Weekly Risk of Venous Thromboembolism Recurrence in Patients Receiving Oral Anticoagulants.
Curr Med Res Opin. 2014 Apr 16;
Authors: Laliberté F, Coleman CI, Bookhart B, Lefebvre P, Cloutier M, Damaraju C, Schein JR, Kaatz S
Abstract
Abstract Background: Data is currently lacking in evaluating the weekly rates of recurrent VTE among patients receiving anticoagulants.

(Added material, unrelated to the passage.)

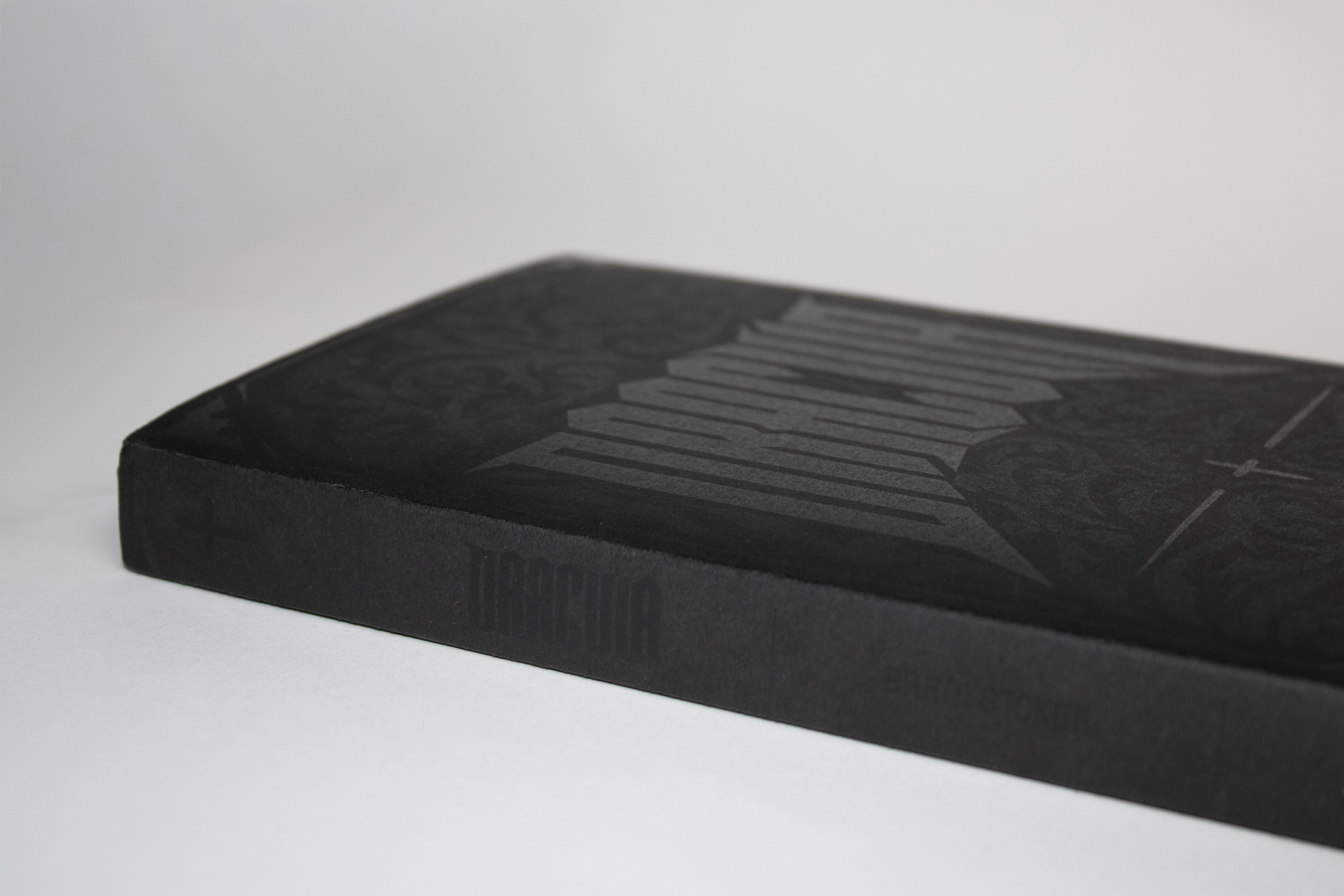I then printed black on black, with the ink making the details in the design reflective in contrast to the matte black paper and replicating a foil stamping effect.

Objective: To quantify the risk of VTE recurrence during the first 12-weeks after an index VTE event. Methods: Healthcare claims from Truven Health Analytics MarketScan database from January 2007 to June 2012 were analyzed. Adult patients with ≥ 1 diagnosis of VTE, ≥ 1 anticoagulant prescription dispensed within 7 days of the index VTE hospitalization discharge or outpatient/emergency room (ER) visit (index date), and a proportion of days covered ≥ 0.7 on the anticoagulant therapy during the 12 weeks post discharge were included. The weekly risk of VTE recurrence was evaluated with the hazard function using the life-table method. Results: A total of 105,682 patients with a VTE were included. Mean age was 59 years and 49% were female. The risk of VTE recurrence was at its highest during the first and second week, at 0.78% and 0.83%, respectively. The risk remained high during Weeks 3, 4, and 5 with risks of VTE recurrence of 0.63%, 0.52%, and 0.39%, respectively. The risk of VTE recurrence stabilized around Week 7, with risks of 0.26%, 0.22%, 0.20%, 0.25%, 0.23%, and 0.23% for Weeks 7, 8, 9, 10, 11 and 12, respectively. Limitations: Claims data may have contained inaccuracies. During hospitalizations it was not possible to assess anticoagulant use or a VTE recurrence occurring in the same hospitalization as the index VTE event. Conclusion: This analysis suggests that the risk of VTE recurrence remains high in the early weeks after an index VTE among patients receiving anticoagulants.